*Exercise*: Pictures must not appear in the copy. Restate exactly the lines below from the one with "キッチンの背面には造作収納を" through the one with "Svbony Multi-Broadband SV260", inclusive.

*Information shown*:
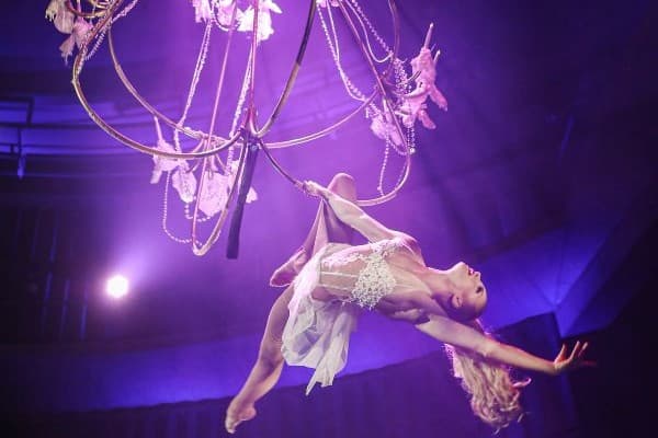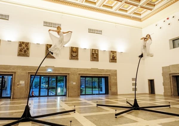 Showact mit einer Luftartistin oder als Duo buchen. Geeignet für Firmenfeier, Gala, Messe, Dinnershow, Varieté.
* * *
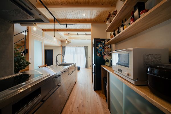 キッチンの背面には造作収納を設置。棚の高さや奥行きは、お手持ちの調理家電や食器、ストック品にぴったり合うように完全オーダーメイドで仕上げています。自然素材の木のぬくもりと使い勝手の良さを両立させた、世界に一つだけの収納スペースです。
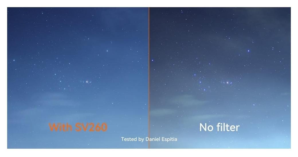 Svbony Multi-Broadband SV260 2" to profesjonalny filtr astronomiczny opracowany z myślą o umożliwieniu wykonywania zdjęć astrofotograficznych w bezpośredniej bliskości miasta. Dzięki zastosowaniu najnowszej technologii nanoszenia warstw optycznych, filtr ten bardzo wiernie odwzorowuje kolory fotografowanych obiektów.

*Answer to the exercise*:
 キッチンの背面には造作収納を設置。棚の高さや奥行きは、お手持ちの調理家電や食器、ストック品にぴったり合うように完全オーダーメイドで仕上げています。自然素材の木のぬくもりと使い勝手の良さを両立させた、世界に一つだけの収納スペースです。
 Svbony Multi-Broadband SV260 2" to profesjonalny filtr astronomiczny opracowany z myślą o umożliwieniu wykonywania zdjęć astrofotograficznych w bezpośredniej bliskości miasta. Dzięki zastosowaniu najnowszej technologii nanoszenia warstw optycznych, filtr ten bardzo wiernie odwzorowuje kolory fotografowanych obiektów.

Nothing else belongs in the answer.